Kirby chaired the group of OECD experts who, in 1980, drew up the guidelines that formed the basis of our Privacy Act and indeed the privacy codes of most other countries. These laws are rapidly becoming outdated.
One challenge comes from the demands of Artificial Intelligence (AI). Google, for example, is an AI business.
Momentous advances in AI have been enabled only through access to unlimited amounts of data on what humans actually do. This allows computers to mimic these actions through predicting how humans would act in response to any situation. There is a sinister aspect to this technology.
Harvard Professor Shoshana Zuboff has written of the dangers of "Big Brother Capitalism". This turns the famous "unseen hand" of the market, identified by economist Adam Smith, on its head. Instead of millions of consumer choices every day controlling the unknowing market, the market now knows our every move.
We are already familiar with behavioural advertising and Facebook has famously shown it can manipulate news-feeds. Our behaviour clearly can and almost certainly will be manipulated.

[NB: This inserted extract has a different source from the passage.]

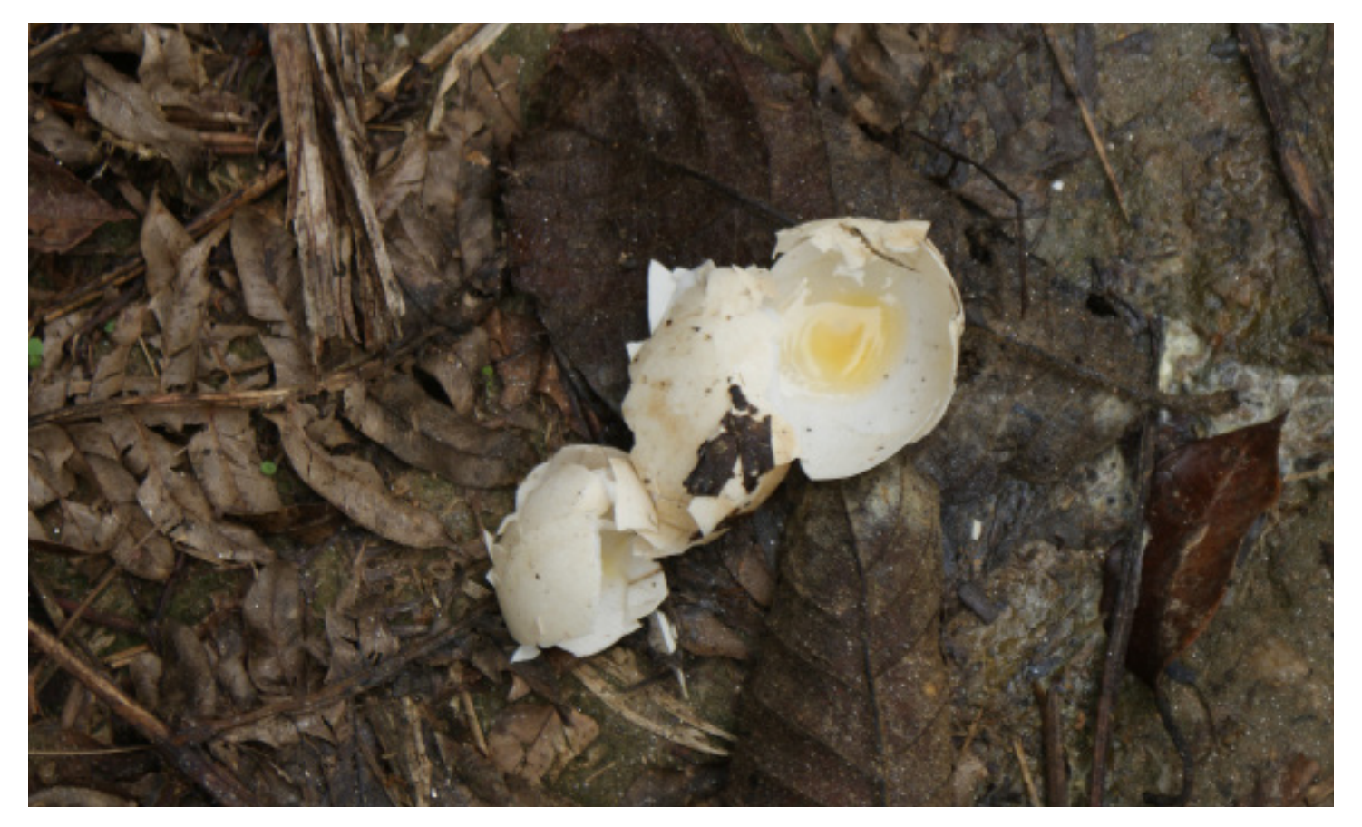
Figure 2. Remains of an egg eaten by a Black Hawk-eagle (Spizaetus tyrannus) in the Reserva Forestal Palmichal, Cordillera de la Costa, Venezuela.

and stains. Based on its size it seemed to belong to Penelope purpurascens or P. argyrotis (Londoño 2014) which were recorded in the area on subsequent days.

New rules addressing these problems have been drawn up in some countries. One is the idea of privacy by design and default in new technology - meaning genuine privacy safeguards must be factored in at the front-end.
To keep up, when New Zealand reforms its Privacy Act it should seriously consider requiring new technologies to be certified as "privacy-safe" in the same way that electrical devices and cars are certified.
Another idea is data portability - so a person can transfer their online profile between companies. Finally, there is the "right to be forgotten".
To work, however, any regulation needs to be global as no individual country can rein in the likes of Facebook or Google. This was recognised by the OECD when drawing up its rules in 1980, but of course these rules did not anticipate the Internet.
The architects of these rules, led by Kirby, were influenced by fundamental human values such as autonomy and free will. And we still hold dear these values: the right to make choices, to determine how we live - as long as we do not hurt others - and to make mistakes. Take these things away and we become just cogs in the machine.
It is up to privacy scholars around the world to come up with solutions that allow technological progress to take place, but not at the expense of our humanity.